An Experimental Investigation of Surface Characterization for Zirconia Ceramic Using Electrochemical Discharge Machining Process

Abstract

The industrial acceptance of ceramic materials is gradually increasing because of their attractive properties such as high strength, hot hardness, biocompatibility, insulating, and chemical stability over monolithic materials. The Zirconia (ZrO2) is a ceramic material of nonconductive and brittle in nature; thereby, it is very difficult to machine by very popular well-known machining methods like ECM, WEDM, EDM, etc. The machining problem resists its industrial applications. To overcome this problem, electrochemical discharge machining (ECDM) is a combination of electrochemical and electrical discharge machining methods used to machine the nonconductive ZrO2 material. The effects of machining parameters on machining responses were analysed through different graphs.

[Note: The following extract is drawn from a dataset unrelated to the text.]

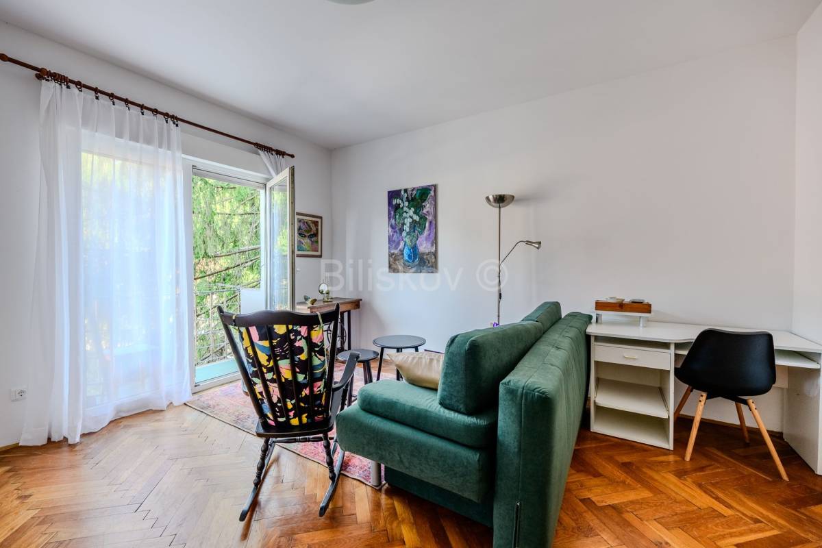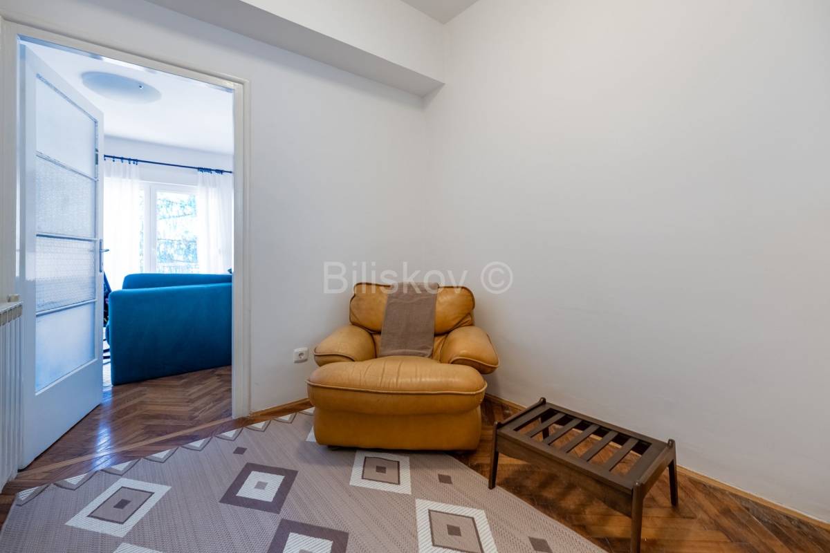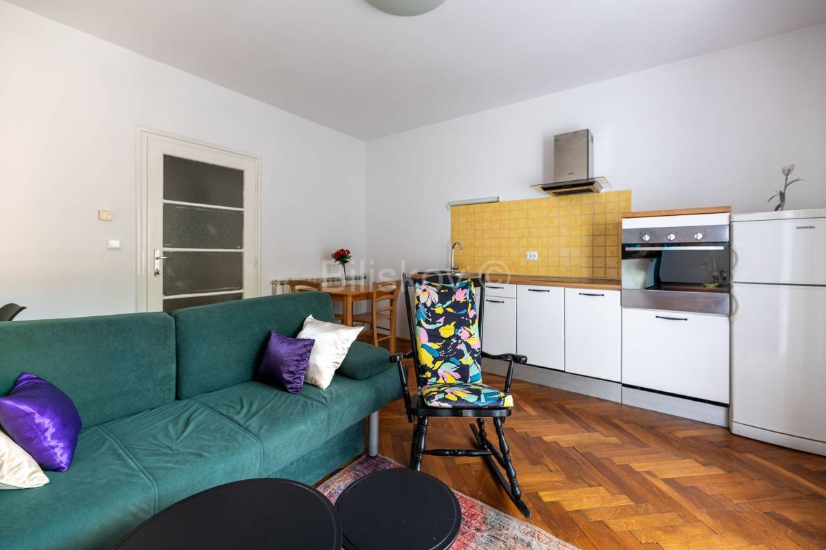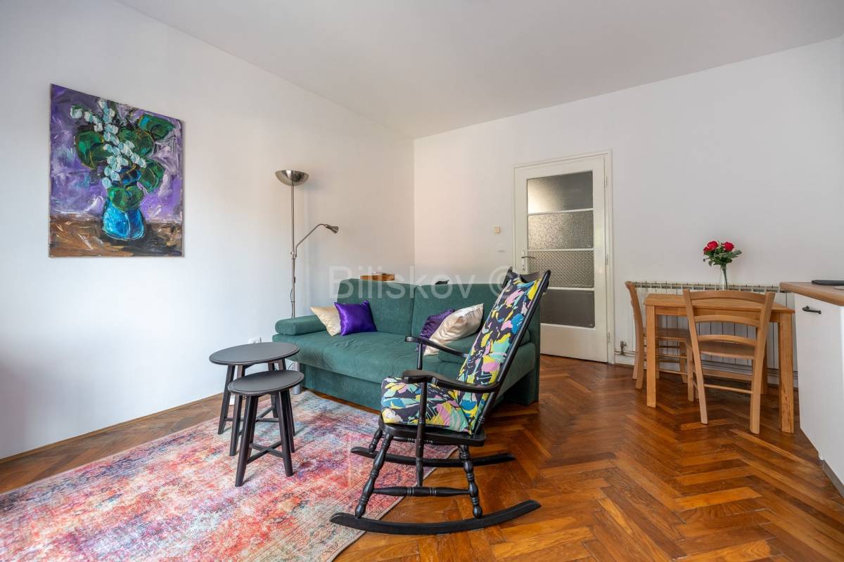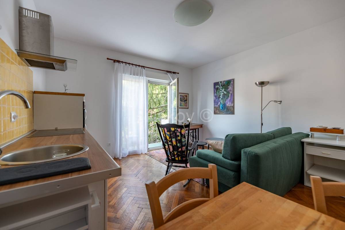 Vrlo lijep i ugodan jednosoban stan površine 40 m² smješten je na drugom katu zgrade izgrađene 1940. godine. Na vlasničkom listu površina stana iznosi 35,8 m², no zahvaljujući dobro osmišljenoj adaptaciji dobiveno je nekoliko dodatnih kvadrata.

Taguchi method-based L16 (45) orthogonal array was employed and utilized the acquired results to optimize the machining parameters. The experimental results reveal that the DC supply voltage and electrolyte concentration are the main governing factors in controlling the machining performance. The better material removal rate was identified at 65 V, 16 g/l electrolyte concentration, and 60-mm inter-electrode gap. FESEM images identified some of the micro-cracks on the machined hole surface when machining operations were carried out at a higher level of parameter setting. The presence of iron (Fe) was identified from EDS analysis, and it may be due to the diffused part of the steel cathode adhering to the machined surface.